Exercise data:

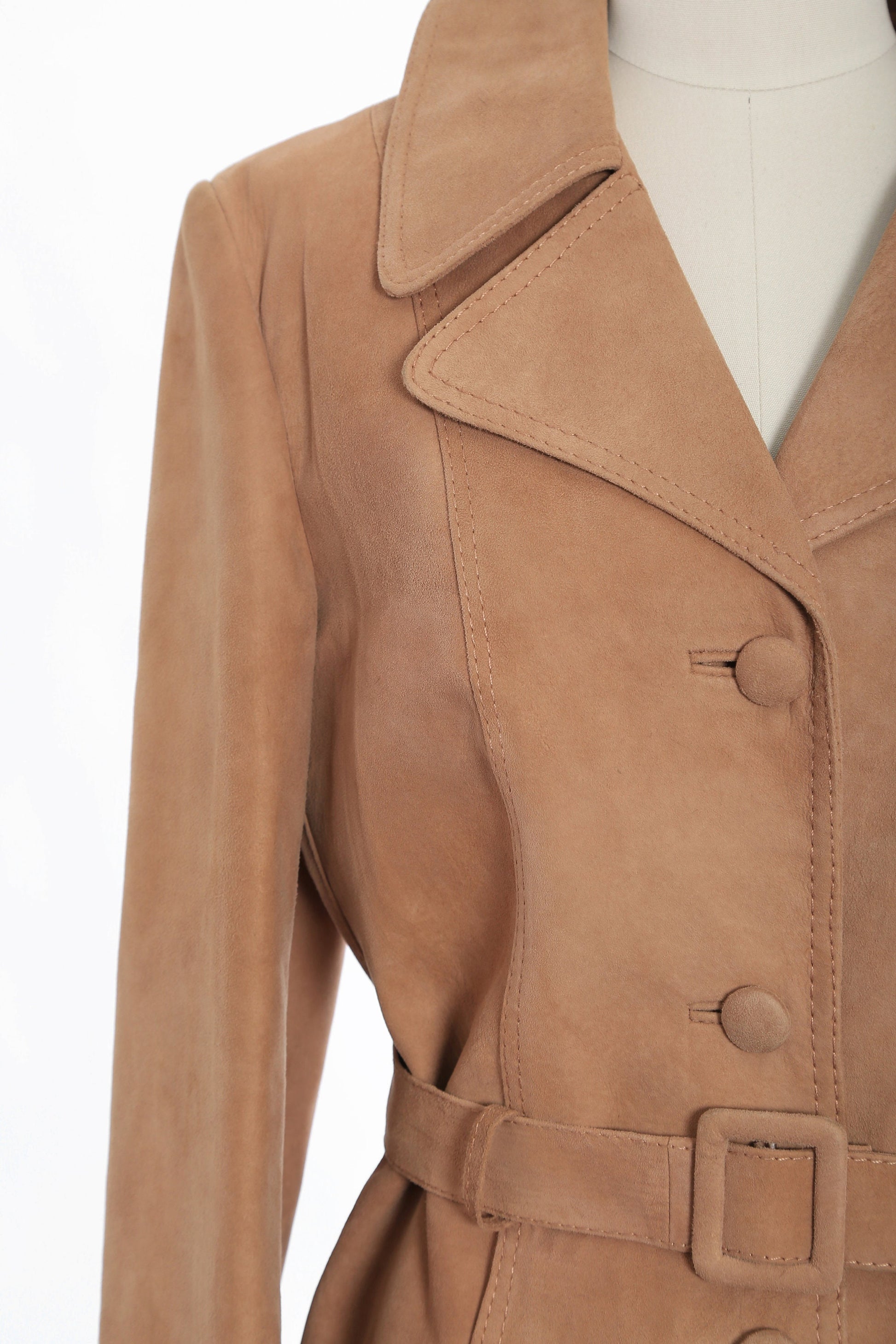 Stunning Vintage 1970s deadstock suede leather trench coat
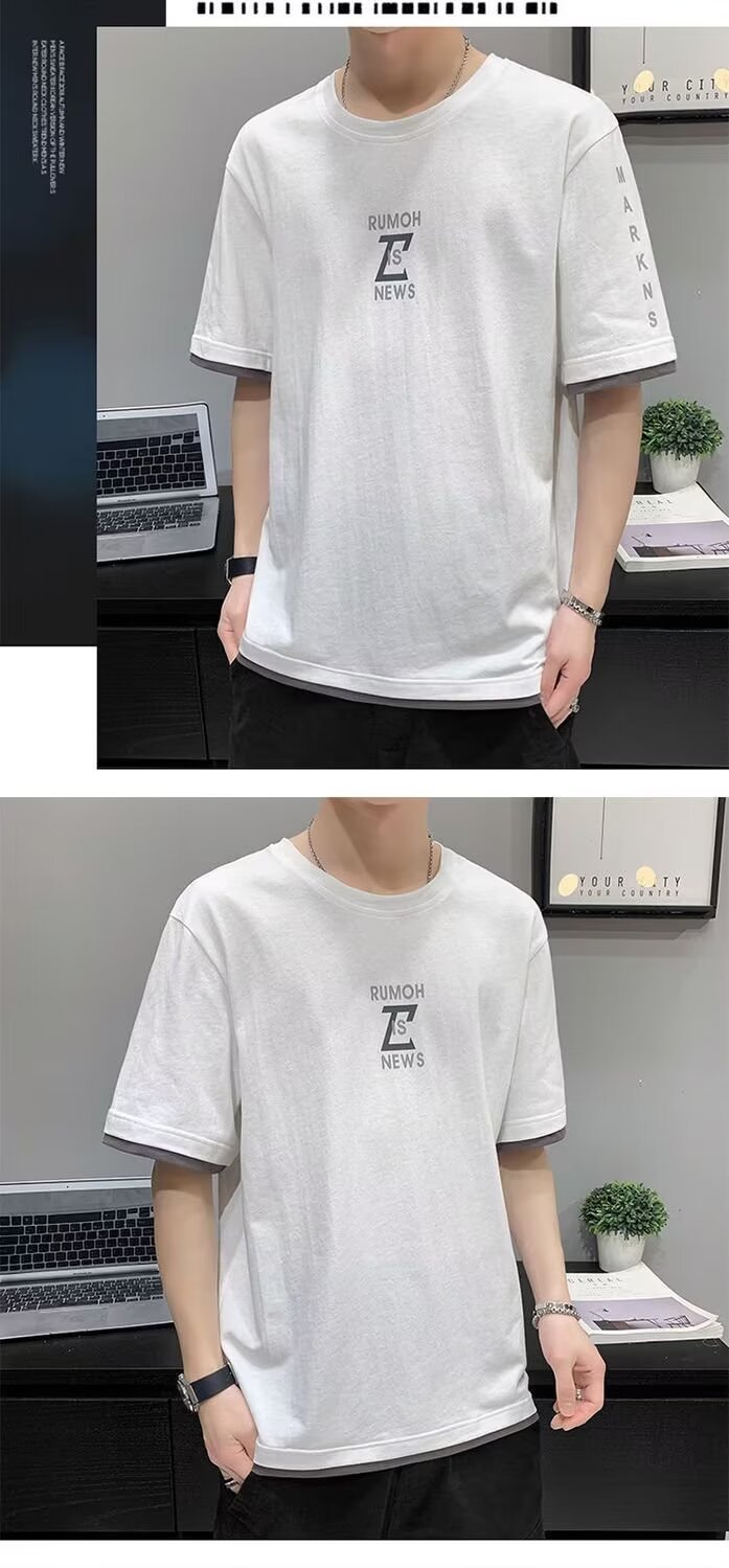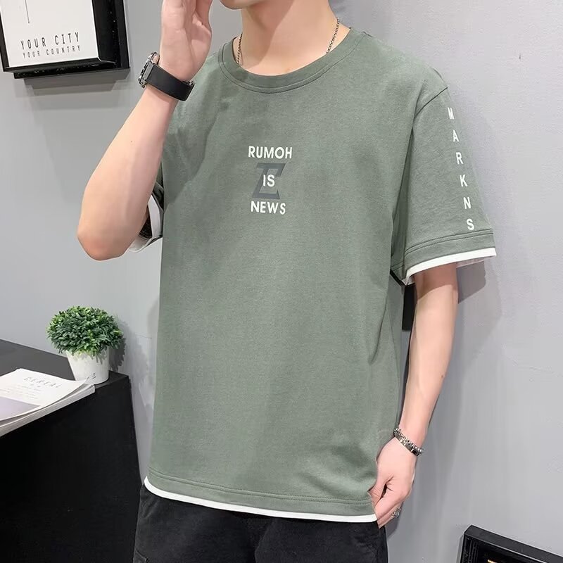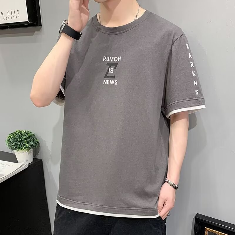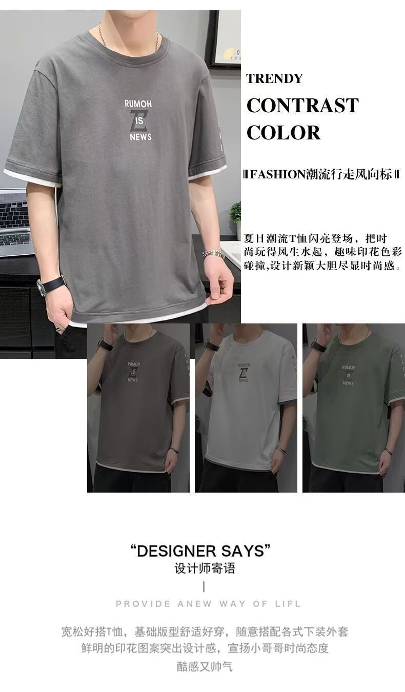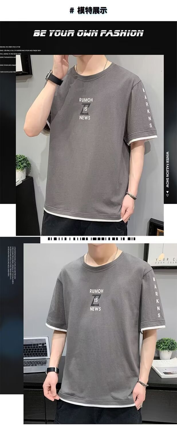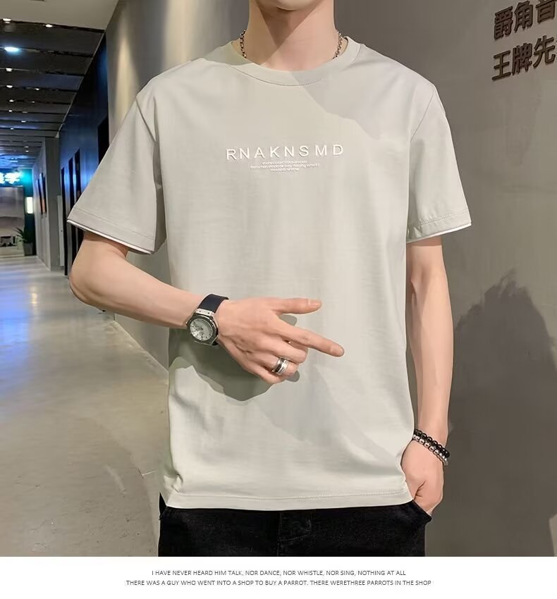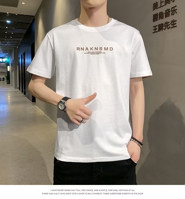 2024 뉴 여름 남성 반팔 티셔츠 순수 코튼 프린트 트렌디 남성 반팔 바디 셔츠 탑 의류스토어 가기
---
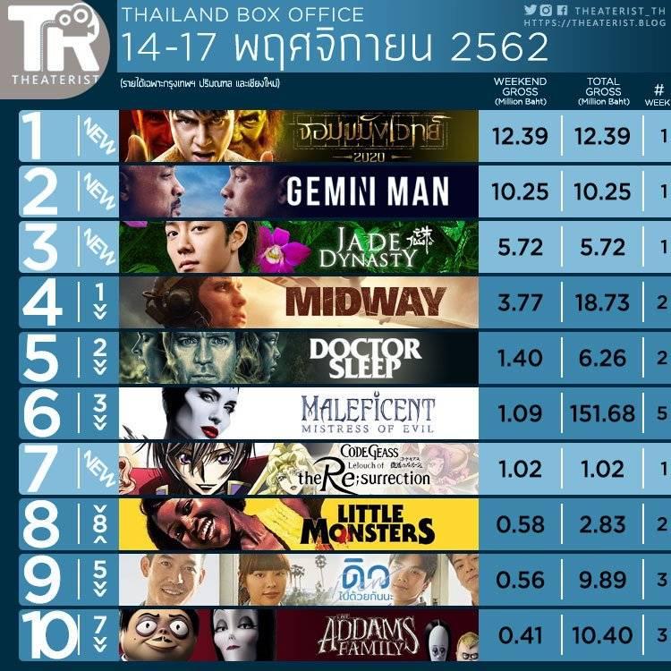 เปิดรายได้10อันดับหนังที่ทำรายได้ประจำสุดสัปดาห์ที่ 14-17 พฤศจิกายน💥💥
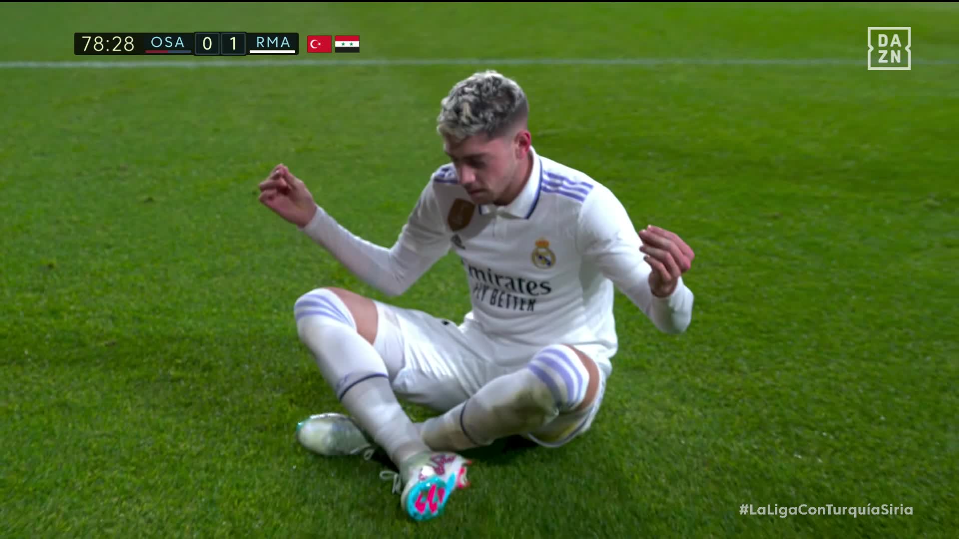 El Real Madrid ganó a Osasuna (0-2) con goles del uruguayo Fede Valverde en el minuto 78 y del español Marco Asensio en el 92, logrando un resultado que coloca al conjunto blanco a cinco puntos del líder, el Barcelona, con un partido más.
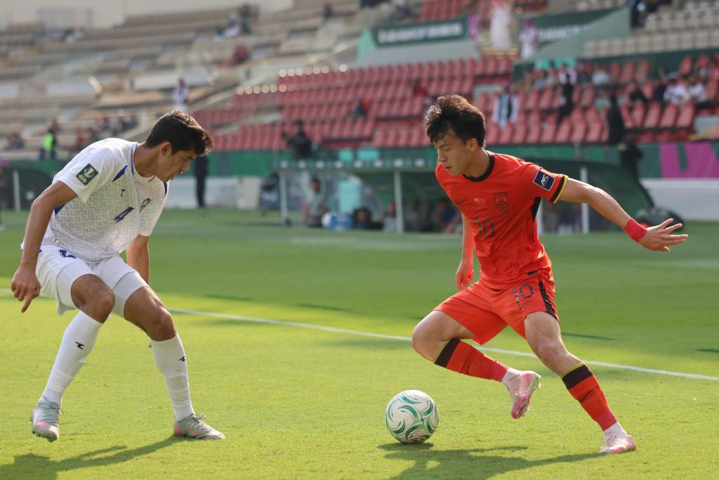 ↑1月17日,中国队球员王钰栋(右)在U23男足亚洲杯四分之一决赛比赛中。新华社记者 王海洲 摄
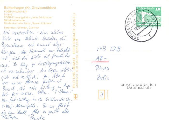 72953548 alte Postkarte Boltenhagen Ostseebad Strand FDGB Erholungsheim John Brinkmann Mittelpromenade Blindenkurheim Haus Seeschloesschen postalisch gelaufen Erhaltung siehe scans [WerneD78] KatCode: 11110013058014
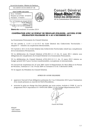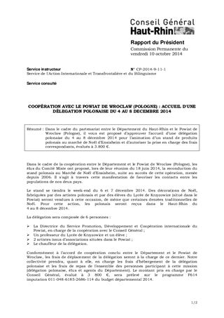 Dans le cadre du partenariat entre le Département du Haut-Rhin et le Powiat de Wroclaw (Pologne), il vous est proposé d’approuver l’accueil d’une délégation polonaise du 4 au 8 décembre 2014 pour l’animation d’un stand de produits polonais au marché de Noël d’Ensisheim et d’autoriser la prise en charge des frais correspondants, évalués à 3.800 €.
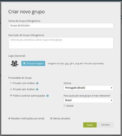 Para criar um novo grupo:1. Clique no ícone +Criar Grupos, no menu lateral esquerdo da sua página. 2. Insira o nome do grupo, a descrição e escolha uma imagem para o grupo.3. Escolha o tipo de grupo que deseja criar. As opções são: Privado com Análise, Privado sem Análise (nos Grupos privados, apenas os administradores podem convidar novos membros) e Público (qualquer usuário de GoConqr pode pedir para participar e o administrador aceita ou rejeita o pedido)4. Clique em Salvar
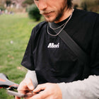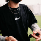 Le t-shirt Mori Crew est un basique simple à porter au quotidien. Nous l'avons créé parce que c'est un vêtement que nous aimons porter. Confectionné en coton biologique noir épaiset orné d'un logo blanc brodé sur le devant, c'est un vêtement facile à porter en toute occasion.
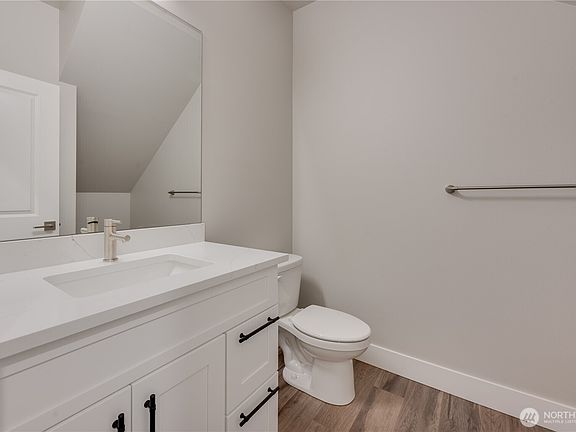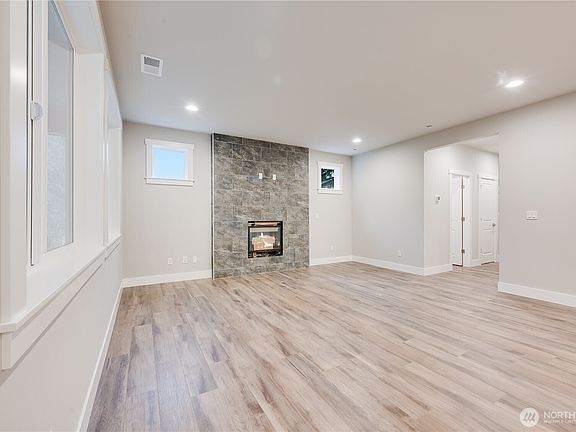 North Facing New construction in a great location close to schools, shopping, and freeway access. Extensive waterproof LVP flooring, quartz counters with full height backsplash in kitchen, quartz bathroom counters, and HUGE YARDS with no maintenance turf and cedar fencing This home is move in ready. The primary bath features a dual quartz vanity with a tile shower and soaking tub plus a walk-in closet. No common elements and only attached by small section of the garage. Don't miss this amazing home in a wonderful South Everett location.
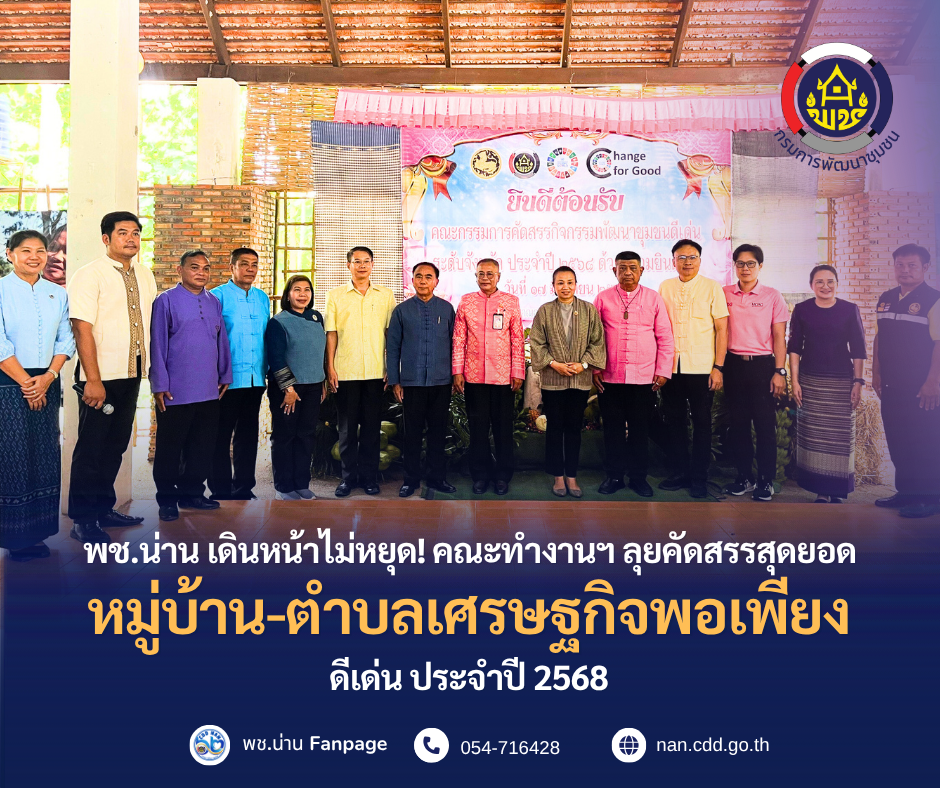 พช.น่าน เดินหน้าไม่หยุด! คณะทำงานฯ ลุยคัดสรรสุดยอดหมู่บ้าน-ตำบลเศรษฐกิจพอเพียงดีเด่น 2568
...
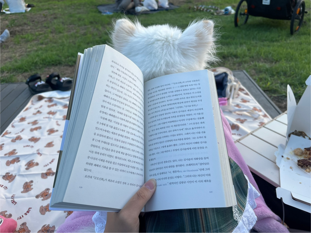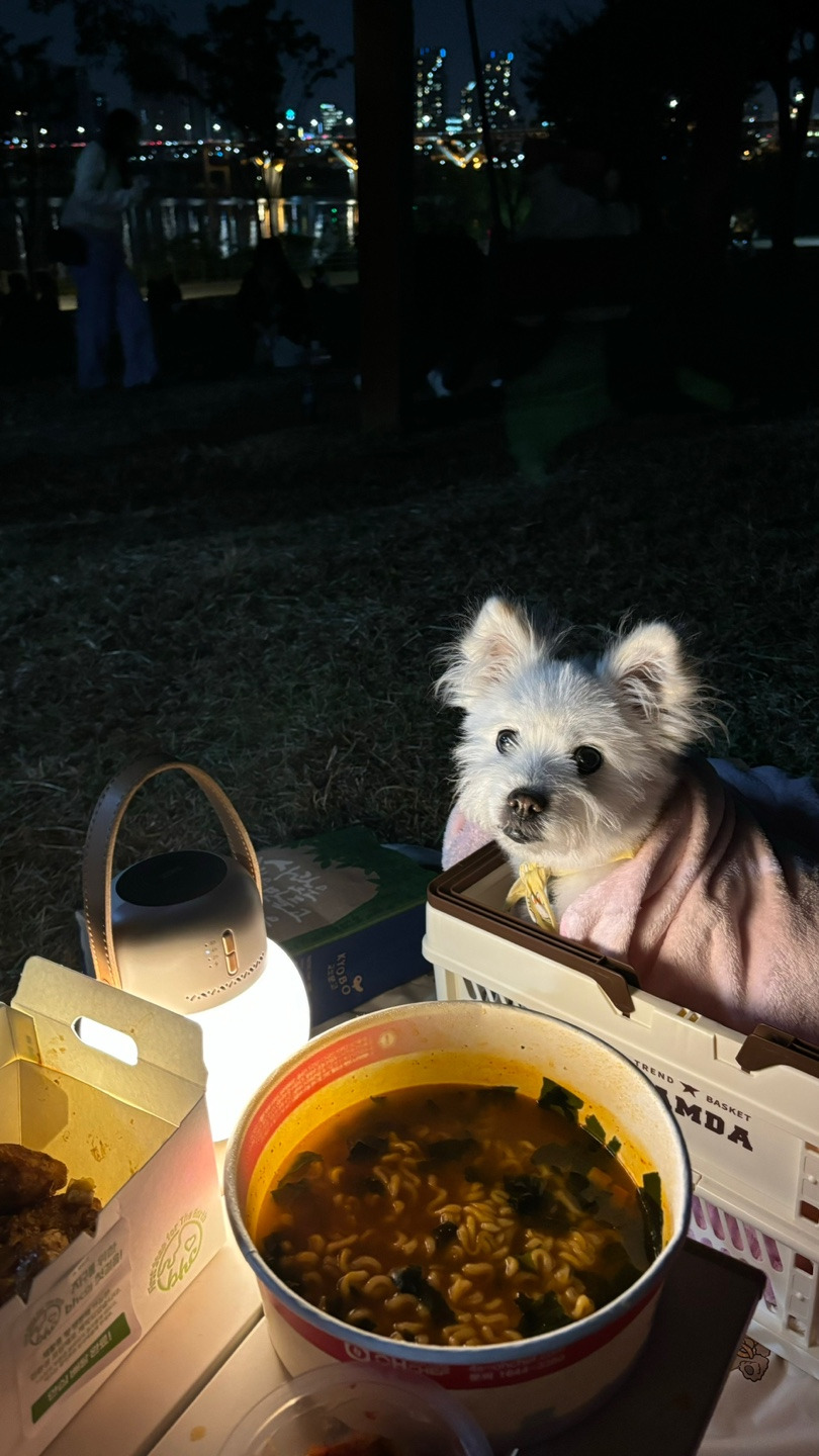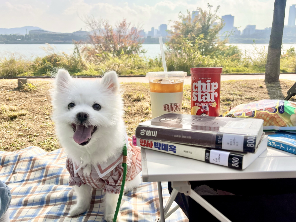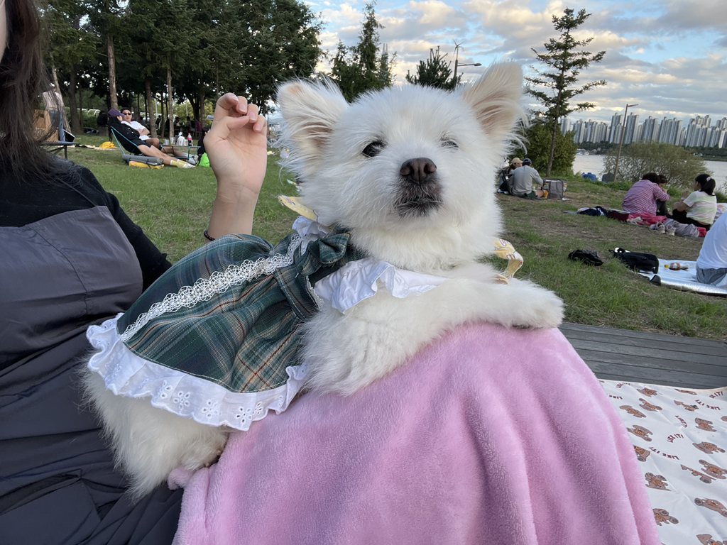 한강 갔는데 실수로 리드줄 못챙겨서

Task statement:
Reproduce the data above exactly, but only the lines from the one showing "Stunning Vintage 1970s" through the one showing "2024 뉴 여름 남성", with both ends kept and the pictures left out.

Response to this task:
 Stunning Vintage 1970s deadstock suede leather trench coat
 2024 뉴 여름 남성 반팔 티셔츠 순수 코튼 프린트 트렌디 남성 반팔 바디 셔츠 탑 의류스토어 가기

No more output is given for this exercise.